Несовершенные любовники - Флетио Пьеретт. Страница 40

К концу учебного года у Камиллы наконец появилась подруга. Ее звали Нур. Она прикрывала лицо косынкой, словно чадрой, и из-за этого или чего-то еще была отвергнута своим классом. Камилла яростно бросалась на ее защиту, точнее, с яростью ругала нашу школу, наш городок, наш край. «Нур означает светоч», — с гордым видом заявляла она, словно до сих пор на наших улицах и в наших головах царила полная темень. Спорить с ней было бесполезно, мировоззрение наше было еще ограниченно, мы ничего в этом мире не видели, почти ничего не знали о других народах, населяющих нашу планету, а она бросалась новыми словами, вызывающе сверлила взглядом каждого, кто осмеливался ей возражать. Потупив взгляд, Нур молчала, Поль с безучастным видом набивал мяч, Лео пританцовывал с ноги на ногу, а я не решался даже смотреть на его сестру.

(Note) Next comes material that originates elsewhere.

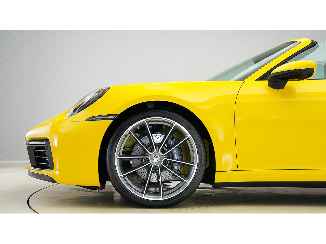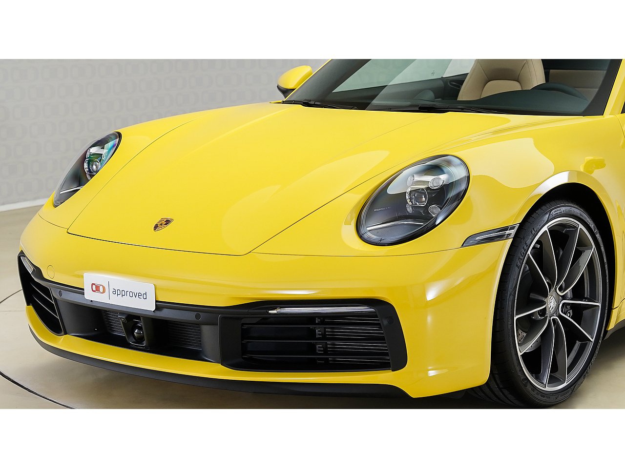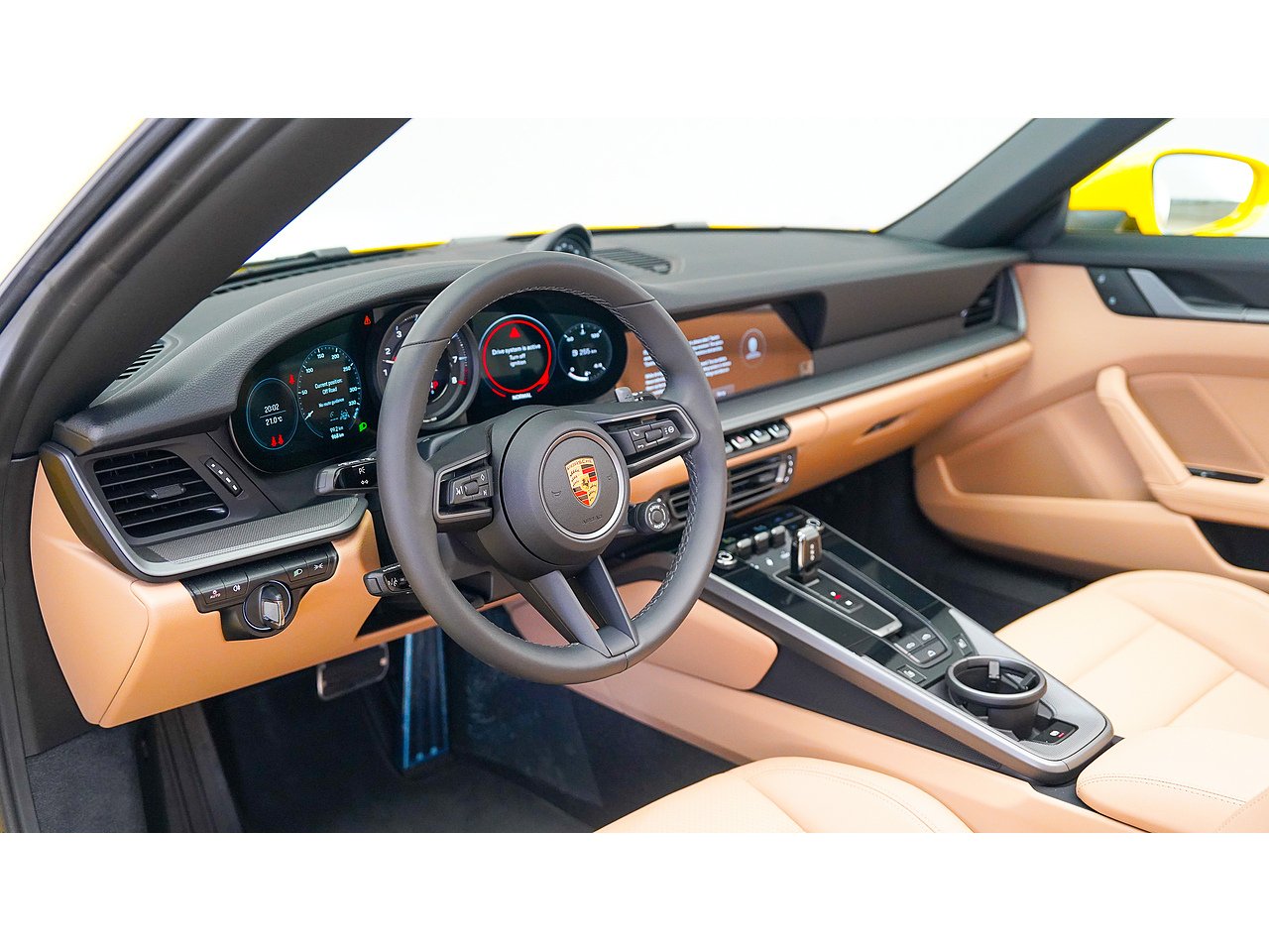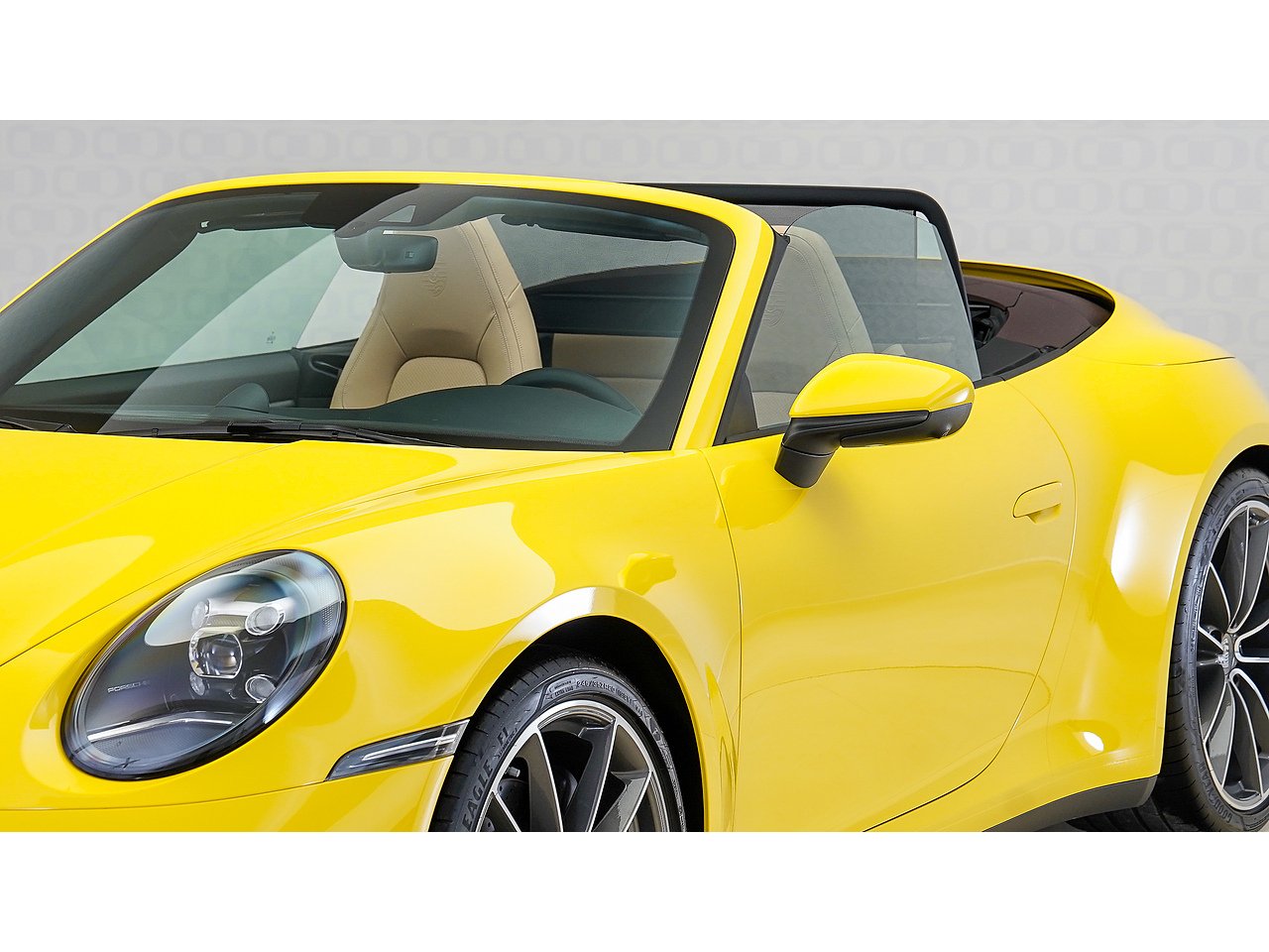 This 2024 Porsche 911 Cabriolet delivers timeless open-top performance paired with unmistakable Porsche design, finished in striking Racing Yellow with a contrasting brown convertible roof and a refined Beige interior.

Настал момент, когда, после многолетней спячки, она рассталась со своим равнодушием, покинула кокон близнецов, и сразу же была подхвачена задиристым вихрем, увлекавшим ее в бесконечные споры и ссоры. Я старался привлечь ее внимание, пристально посмотреть ей в глаза и таким образом погасить ее гнев. Обычно мне это удавалось, и тогда ее глаза устремлялись к моим, словесный источник иссякал, она подергивала плечами: «Ты идешь, Нур?», и они, обнявшись за талию, покидали нас. А мы растерянно переглядывались, не зная, что делать дальше.

В то время, когда Камилла дружила с Нур, Лео частенько увязывался за нами с Полем. Он не был назойлив, ничего не просил, довольствуясь положением младшего, и спокойно сидел в сторонке с мечтательным видом. Мы заметили, что он всегда носит с собой серый рюкзачок, даже тогда, когда у него не было уроков. Однажды Поль поинтересовался, что он в нем таскает. Я видел, что Лео не хочется отвечать, но он не умел говорить «нет». Молча потянув за молнию, он открыл рюкзак. Там лежали альбом и коробка карандашей.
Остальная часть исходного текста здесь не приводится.